Jim Hutchinson wrote:
What I need to do is, using that list of contributors, select the top 20 or so (excluding bots) for each of the hundred selected articles and get a list of all of the other articles to which each of them contributed with a frequency count of edits. Ideally, this data would be in a table of sorts for each article selected (so 100 tables).
This could, of course, be done manually by searching for contributions by username. however, this will be time consuming and possibly error prone. My hope was that a query could grab this information fairly quickly as well as automatically count frequencies of edits per article, etc.
I don't have the expertise to do this myself, but I do know someone who can and has requested an account. However, he is afraid he will not be granted an account for what will likely be a one time project.

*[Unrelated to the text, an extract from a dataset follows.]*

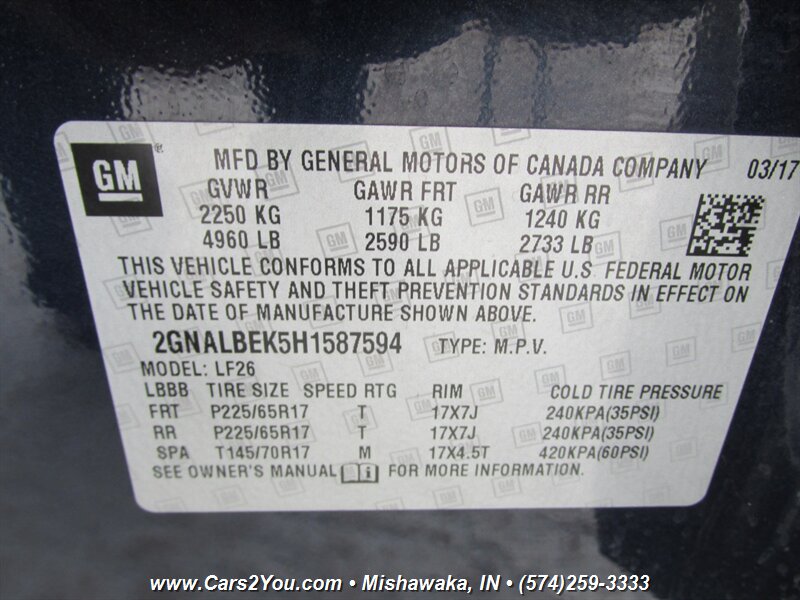 You are viewing a super nice and clean, 2017 CHEVROLET EQUINOX LS. This truck in in exceptional condition. This is powered with the 4 cylinder engine, the transmission is Automatic. This vehicle drives very good, and its extremely reliable! CHEVROLET has proven thru the years to make very reliable and long lasting vehicles. The truck was recently checked out and test driven by our mechanic and no problems were found, we check out all vehicles before we sell them! This vehicle drives very good, the ride is very smooth. The A/C blows COLD! Just turn the key and go! The interior is clean. Sound system sounds good. Everything points that its been very well taken care of. This is very nice truck, don't miss this opportunity to own it at a great price! TRAX TRAVERSE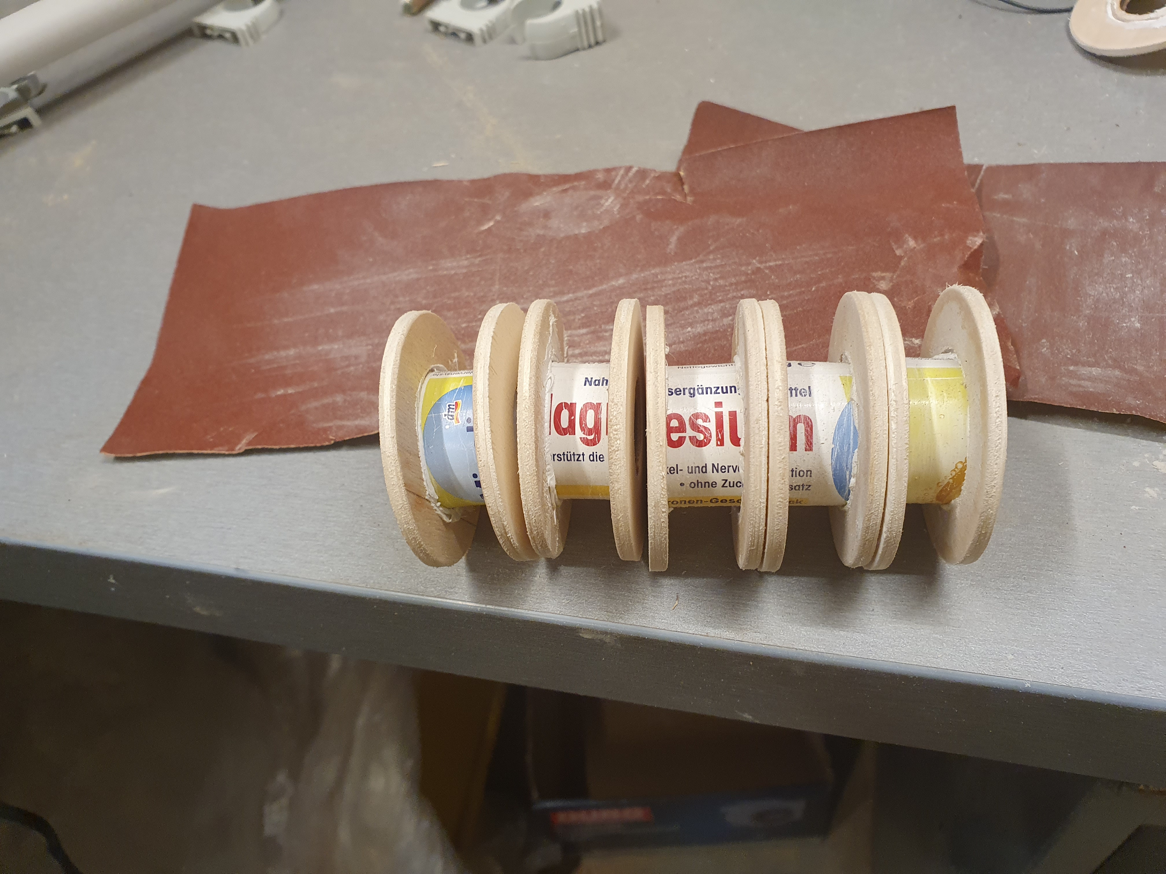 Brausetablettenröhrchen, Laubsägeholz, einen alten Schminkspiegel (bzw. die Halterung), Fränkisches Rohr 20 mm, Bögen zum Fränkischen, alte Wasserhanzuleitung, nen Rest Gewindestange M8, passende Muttern und Scheiben, Möbelfüße 20 mm, Lüsterklemmen (sonst im Haus natürlich alles mit Wago-Klemmen gemacht), Schrumpfschlauch, nen Rest Trockenbaueckleiste, Rest Kunststoffwinkelprofil, Kartuschenbaukleber, Ikea-Schrank-Wand-Winkel, Gedöns...

Is there likely an API that can do what I described or would a query be an easier or more efficient way to go?
Yeah, user contributions are one of those things that are sometimes vastly easier with the direct queries, as some users have thousands and thousands of edits. This is obviously a problem for very few sites (mostly some popular Wikimedia wikis), but for the wikis where it is a problem, it can really slow things down to have to pull/aggregate so many edits. :-)
You can try filing a ticket in JIRA through the Query service. Alternately, I recently made a page at Meta-Wiki (http://meta.wikimedia.org/wiki/Tech) where you could try posting. I mostly set up the page because I felt trying to get people to figure out JIRA, in addition to forcing them to articulate what they actually want from the database, is too much. Plus it can act as more of a forum/help desk than JIRA can.